#### TASK ITEM:
Lines from the beginning of the material below through the line that has "Une véranda de" are to be reproduced exactly, but pictures are not.

#### DATA SEGMENT:
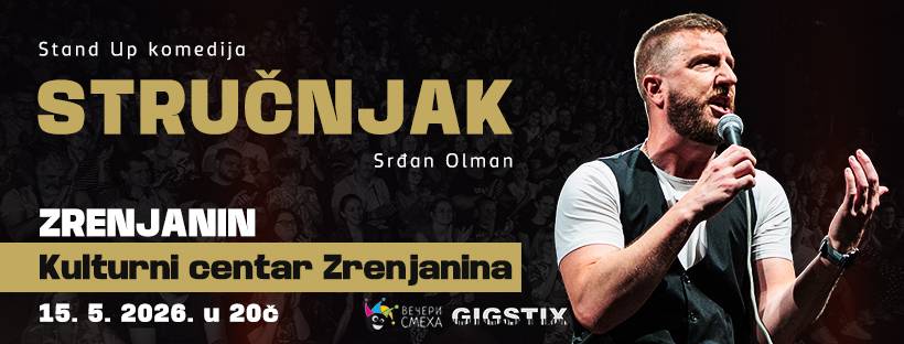 U Zrenjaninu 15.05. Srđan Olman izvodi svoj novi Stand Up Show “Stručnjak” od 20h u Kulturnom centru Zrenjanina.
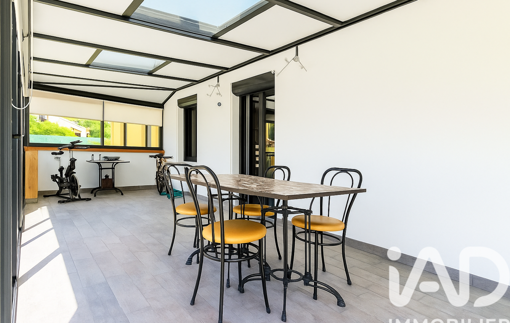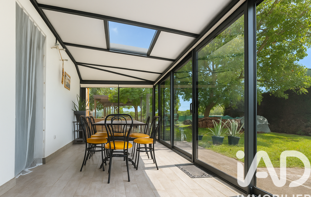 Une véranda de 23 m² prolonge naturellement la pièce de vie, idéale pour les repas en toute saison ou les moments de détente en famille.
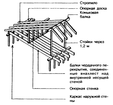 8.2.3 Несущий каркас скатной крыши с уклоном менее 1:3, собираемый на месте 8.2.3.1 В скатных крышах с уклоном менее 1:3 верхние концы стропил следует опирать на коньковую балку сечением не менее 38´140 мм, укладываемую на вертикальные стойки сечением не менее 38´89 мм, которые устанавливаются на обвязку внутренней несущей стены с шагом 1,2 м. При необходимости пролеты коньковой балки между опорными стойками могут быть увеличены. В этом случае сечение коньковой балки в зависимости от пролетов и снеговой нагрузки подбирают по таблице Б.12. 8.2.3.2 В крышах с малым уклоном для образования пространства между верхней обвязкой стен и укладываемым на стропила кровельным настилом, достаточного для размещения в нем утеплителя и вентилируемой воздушной прослойки, нижние опорные концы стропил следует опирать не на верхнюю обвязку стен, а на расположенную выше обвязки опорную доску сечением не менее 38´89 мм (рисунок 8.2). Эта доска укладывается на балки чердачного перекрытия и прибивается к каждой балке. Стропила прибиваются к опорной доске. Рисунок 8.2 - Каркас скатной крыши с уклоном менее 1:3 с промежуточной опорой в виде опорной стенки 8.2.3.3 В случаях, когда определенный участок наружной стены смещен внутрь дома под общей крышей, выступающие за эту стену балки чердачного перекрытия укладываются на обвязку каркаса наружной стены (рисунок 8.3). Свободные концы стропил и этих балок скрепляются между собой внахлест гвоздями в соответствии с первой строкой таблицы 8.1. Рисунок 8.3 - Устройство каркаса скатной крыши при смещенной внутрь дома наружной стене Под стропила на этом участке стены устраивается опорная стенка из вертикальных стоек и уложенной на них обвязки того же сечения, что и каркас наружной стены. Стойки устанавливаются на обвязку наружной стены под каждое стропило. Стропила должны опираться на обвязку опорной стенки и прикрепляться к ней гвоздями. Гвоздевое крепление опорной стенки - по разделу 7. 8.2.3.4 Промежуточной опорой в скатных крышах с уклоном менее 1:3 могут являться опорные стенки с верхней и нижней обвязкой и стойками сечением 38´89 мм, которые устанавливаются в одной плоскости со стропилами и балками чердачного перекрытия и прибиваются к ним гвоздями. Промежуточными опорами могут быть также сжатые раскосы под стропила, которые изготовляются из пиломатериала сечением не менее 38´89 мм и устанавливаются от каждой стропилины к внутренней несущей стене под углом не менее 45° к горизонтали. 8.2.3.5 Гвоздевые крепления элементов каркаса скатных крыш с уклоном менее 1:3 должны выполняться в соответствии с таблицей 8.3. Таблица 8.3
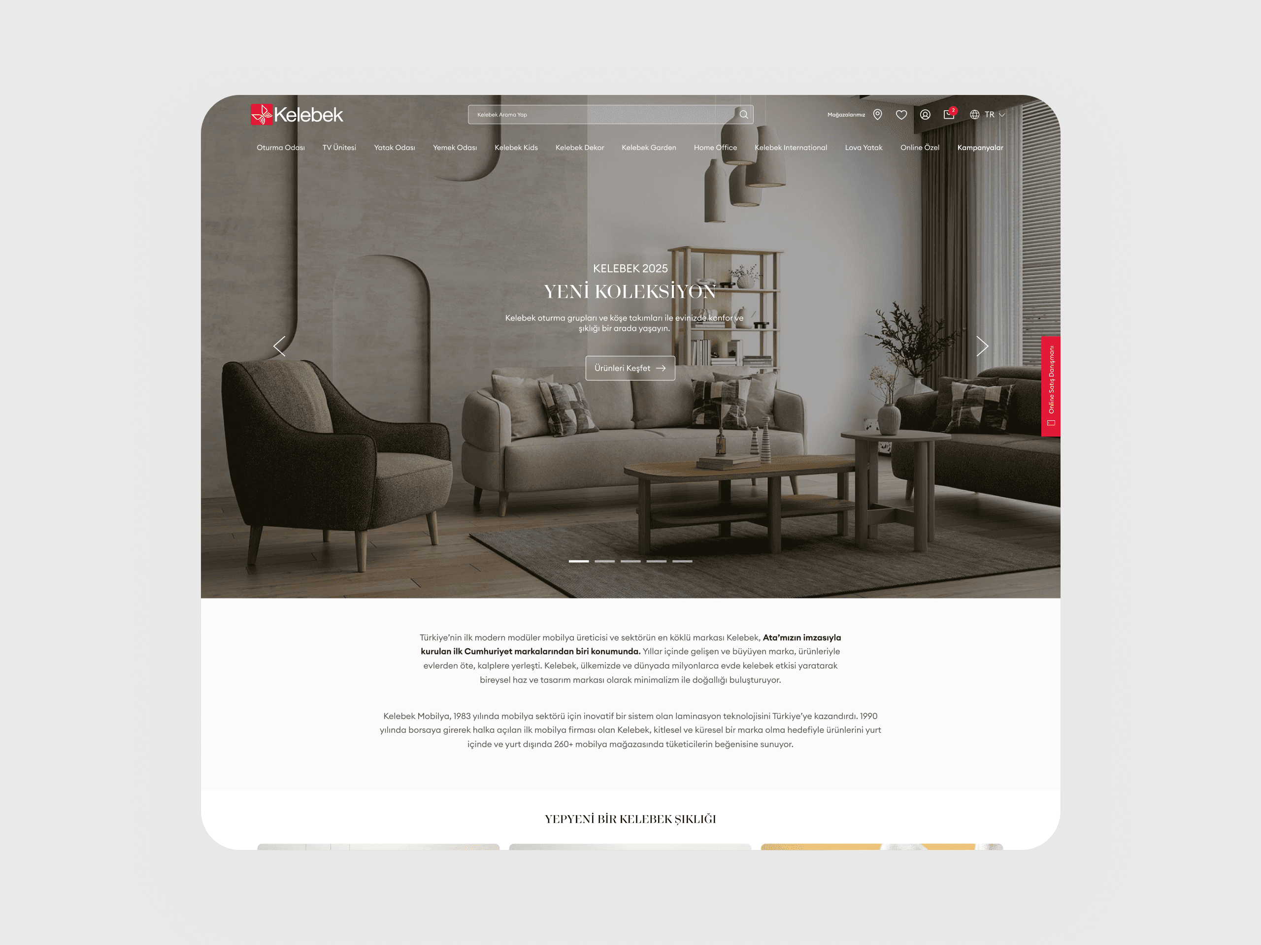 A redesign project for Kelebek.com, one of Turkey’s leading furniture brands. The goal was to modernize the e-commerce experience by improving usability and aligning the digital identity with the brand’s strong corporate image. The result is a cleaner, more intuitive interface that feels both premium and user-friendly.

#### ANSWER SPACE:
 U Zrenjaninu 15.05. Srđan Olman izvodi svoj novi Stand Up Show “Stručnjak” od 20h u Kulturnom centru Zrenjanina.
 Une véranda de 23 m² prolonge naturellement la pièce de vie, idéale pour les repas en toute saison ou les moments de détente en famille.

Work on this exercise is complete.